The following is the description of the dataset:
> The Cora dataset consists of 2708 scientific publications classified into one of seven classes.
> The citation network consists of 5429 links. Each publication in the dataset is described by a
> 0/1-valued word vector indicating the absence/presence of the corresponding word from the dictionary.
> The dictionary consists of 1433 unique words. The README file in the dataset provides more details.

Download and unzip the cora.tgz file to a location on your computer and set the `data_dir` variable to
point to the location of the dataset (the directory containing "cora.cites" and "cora.content").

In [2]:
data_dir = os.path.expanduser("~/data/cora")

Load the edgelist (in `cited-paper` <- `citing-paper` order)

In [3]:
edgelist = pd.read_csv(os.path.join(data_dir, "cora.cites"), sep='\t', header=None, names=["target", "source"])

**Encapsulate the edge data**

In [4]:
IS_DIRECTED = True
ed = to_edge_data(
    edgelist, 
    IS_DIRECTED,
    "source",
    "target",
    default_edge_type="cites"
)

In [5]:
print("Type of data = {}".format(type(ed).__name__))
print("Number of edges = {}".format(ed.num_edges()))
print("Is homogenous? {}".format(ed.is_homogeneous()))

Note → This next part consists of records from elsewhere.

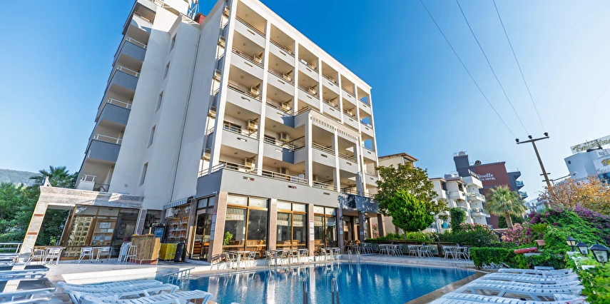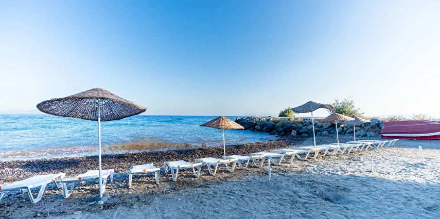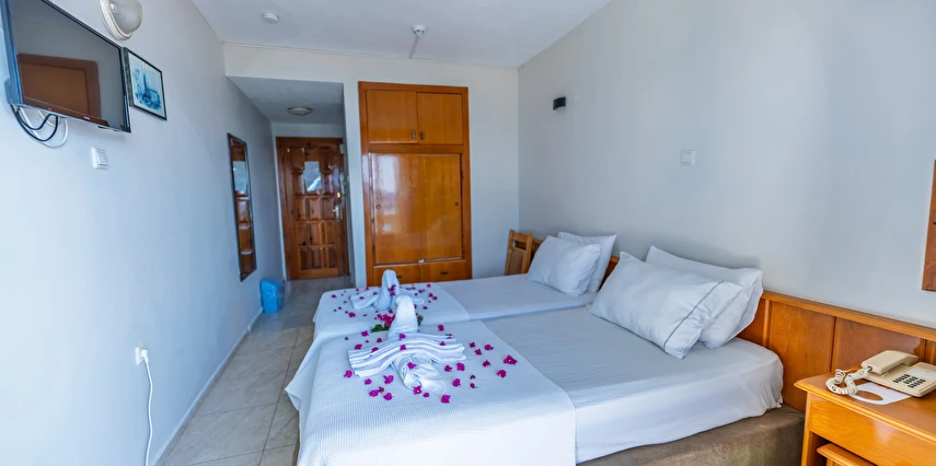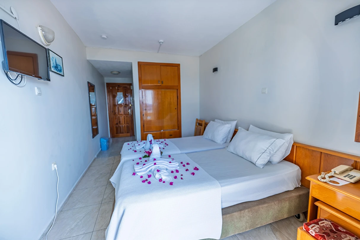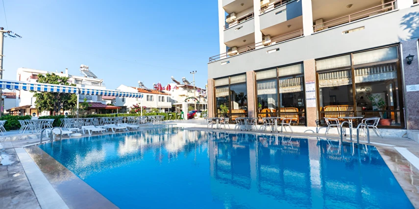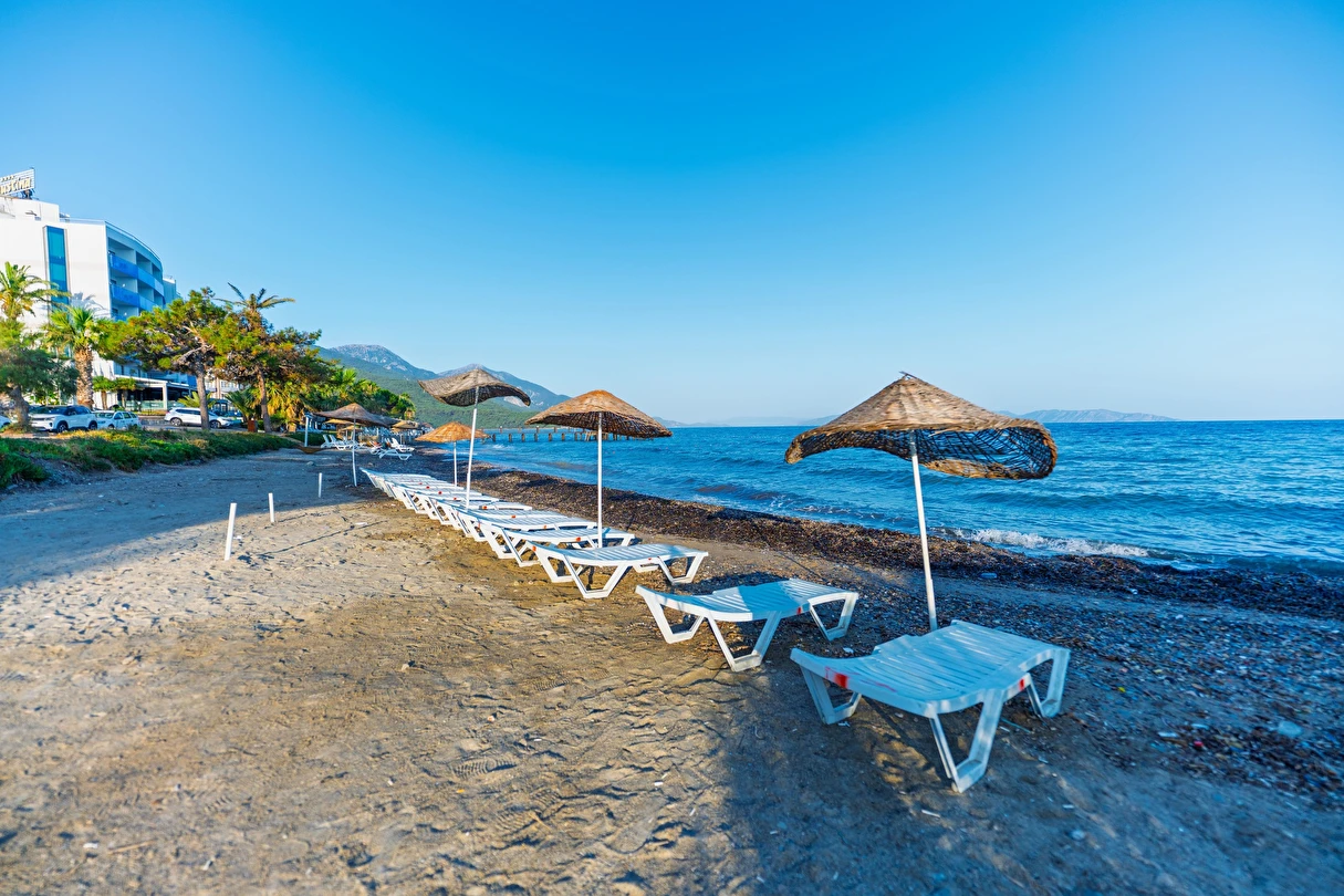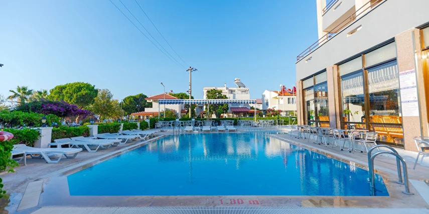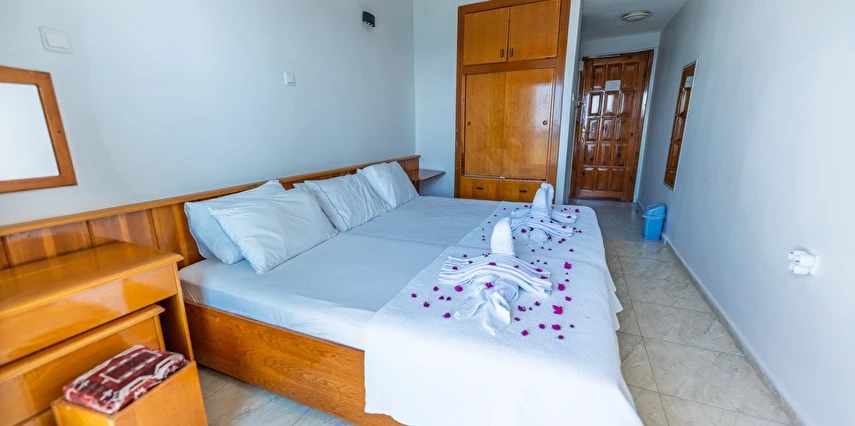 Deniz ve dağ manzaralı, 7/24 sınırsız internet erişimli odalarıyla, çocuklar ve büyükler için yüzme havuzuyla, ege ve akdeniz mutfağından örneklerin sunulduğu restoranımızla tüm yaz sezonu boyu siz değerli misafirlerimize hizmet vermekteyiz.
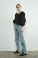SQUARE NECK SCALLOP EDGE HEMLINE BLOUSE
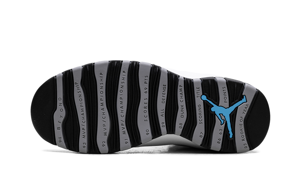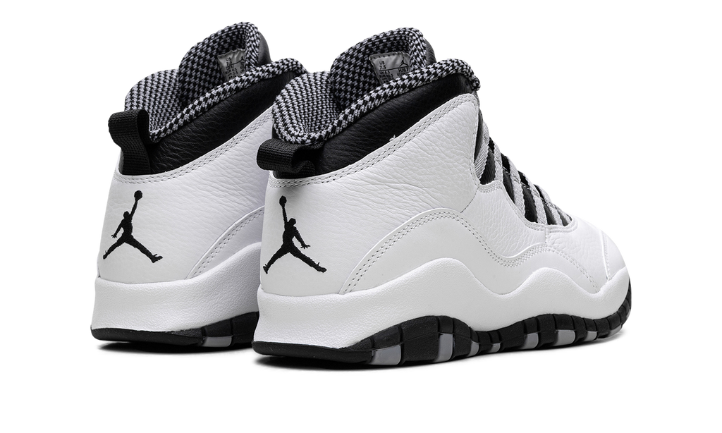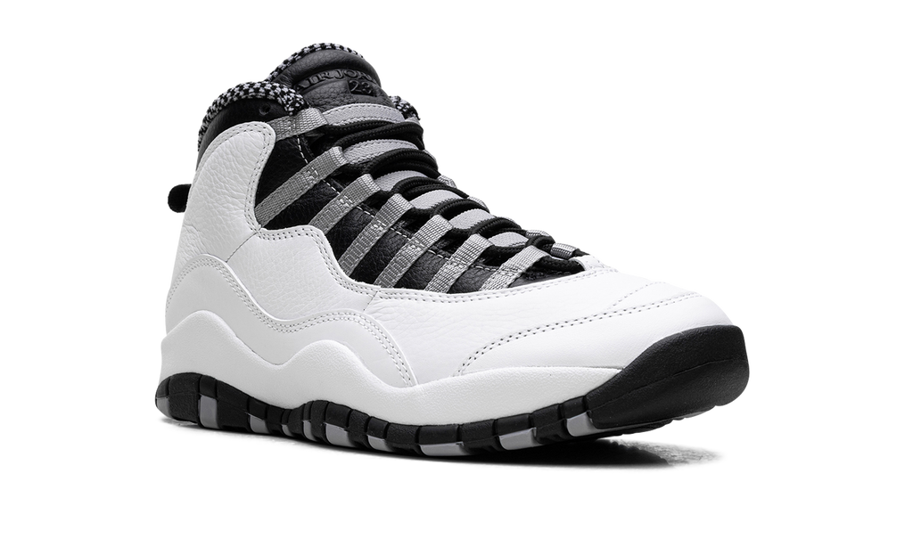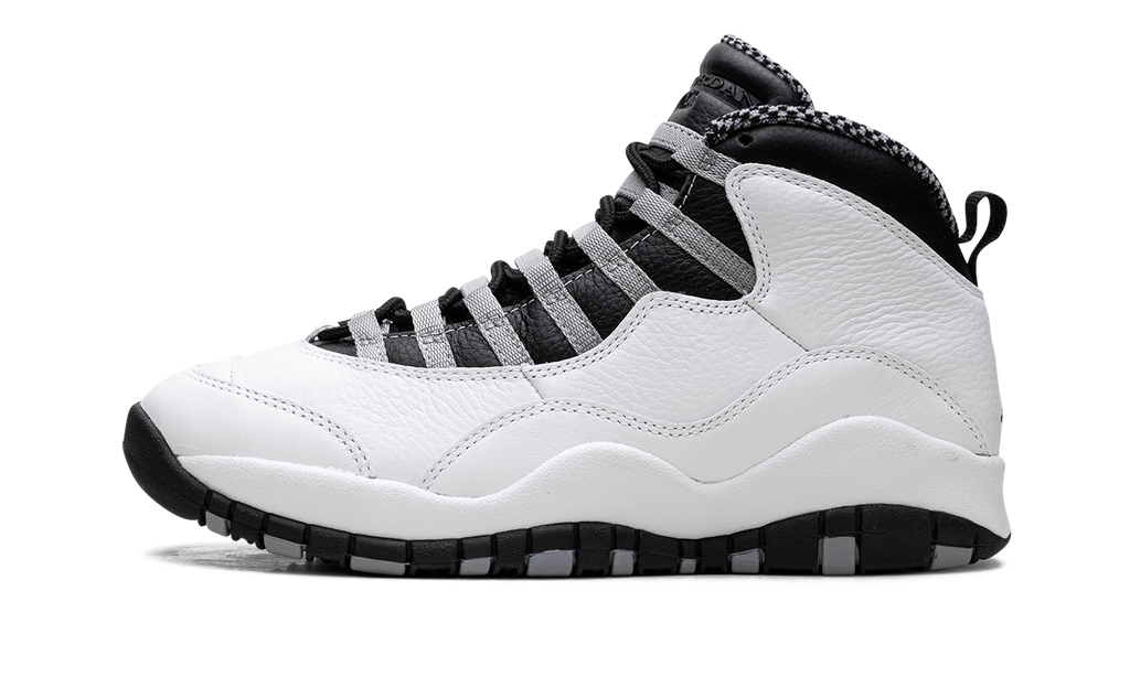 Elevate your sneaker game with the Air Jordan 10 "Steel." This iconic shoe offers a blend of heritage design and clean appeal, highlighted by its sharp grey and black details against a white base. It's a stylish and comfortable choice for any fan who appreciates classic Jordan aesthetics.
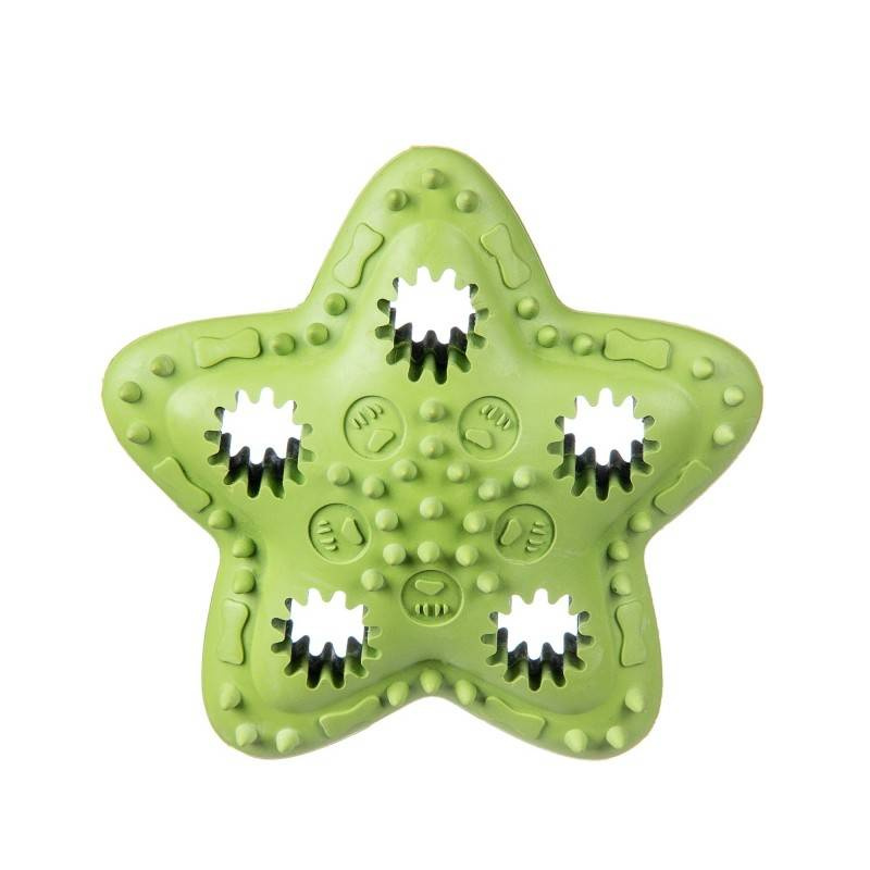 Super wytrzymała zabawka w kształcie gwiazdy od marki Barry King. Wykonana z wysokiej jakości kauczuku, zapewnia długie godziny świetnej zabawy. Idealna do tresury a także aportowania. Produkt posiada aż pięć otworów, w które można włożyć ulubiony przysmak pupila. Masuje dziąsła i wpływa korzystanie na higienę jamy ustnej psa. W intensywnym, zielonym kolorze. Produkt ma 12,5cm wielkości.
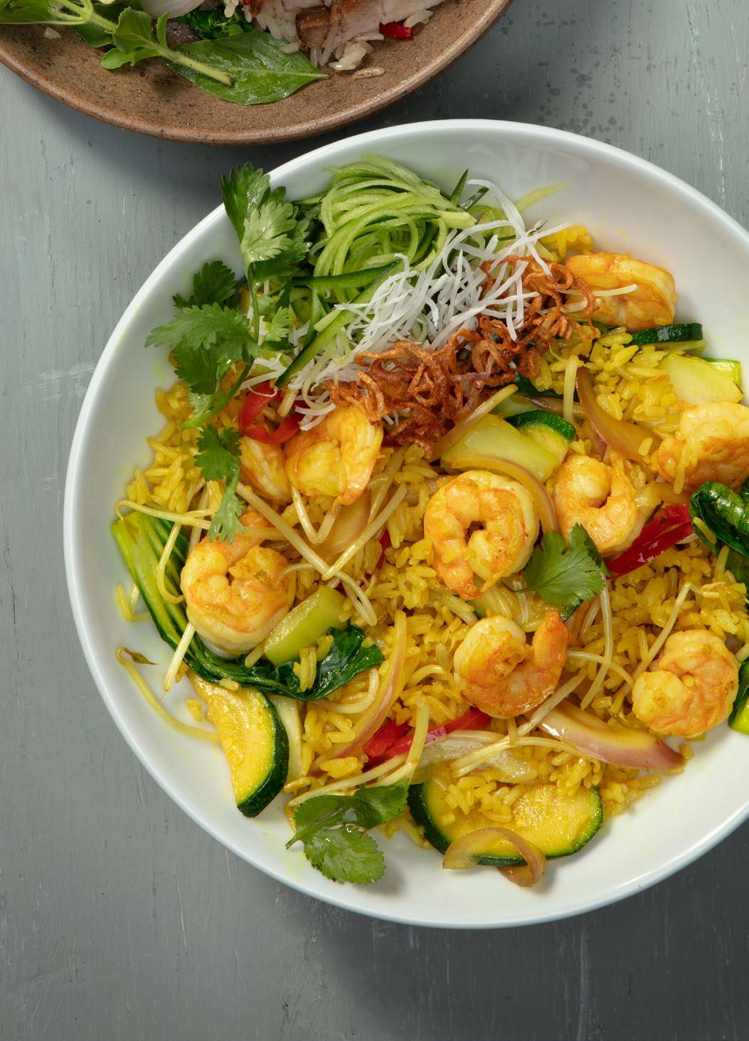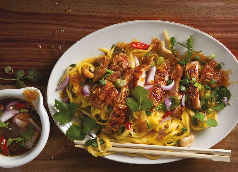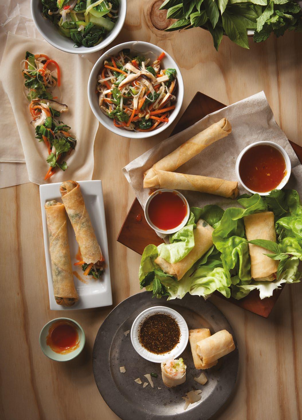 Camarones, pechuga de pollo, pasta vermicelli crocante, vegetales, albahaca siam, hierbabuena, maní y vinagreta vietnamita con chile y nam-pla. $35.900
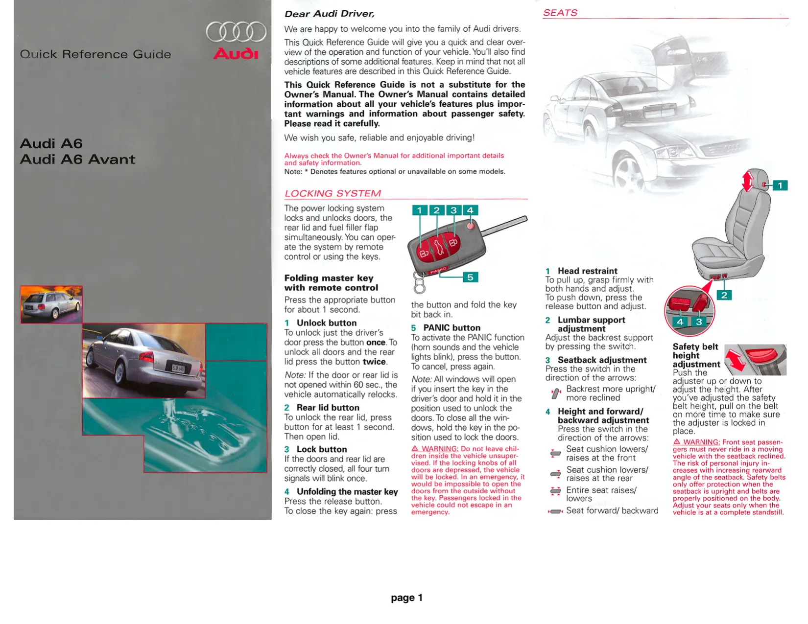 Retrouvez gratuitement la notice de l'appareil A6 AUDI au format PDF.
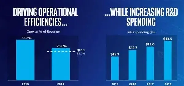 2018年,Intel研发投入达135亿美元,连年保持增长势头,相比2015年已经增加了11.6%。
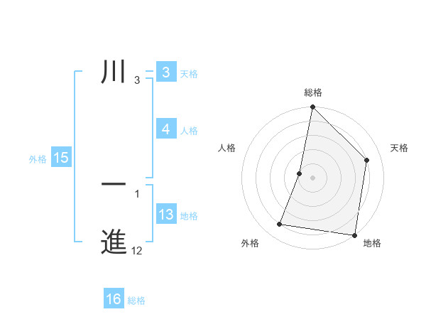 川 一進さんの総格は16画の5点!
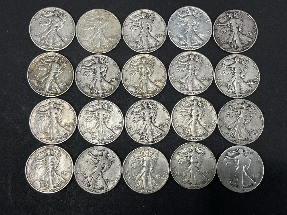 1 Roll (20) 90% Silver Walking Liberty Half Dollars

Type of data = PandasEdgeData
Number of edges = 5429
Is homogenous? True


Examine first edge

In [6]:
print(next(iter(ed.edges())))

EdgeDatum(source_id=1033, target_id=35, edge_id=0, edge_type=cites)


Check against raw data

In [7]:
print("Number of edges = {}".format(len(edgelist)))
print("First row = {}".format(edgelist.iloc[0]))

Number of edges = 5429
First row = target      35
source    1033
Name: 0, dtype: int64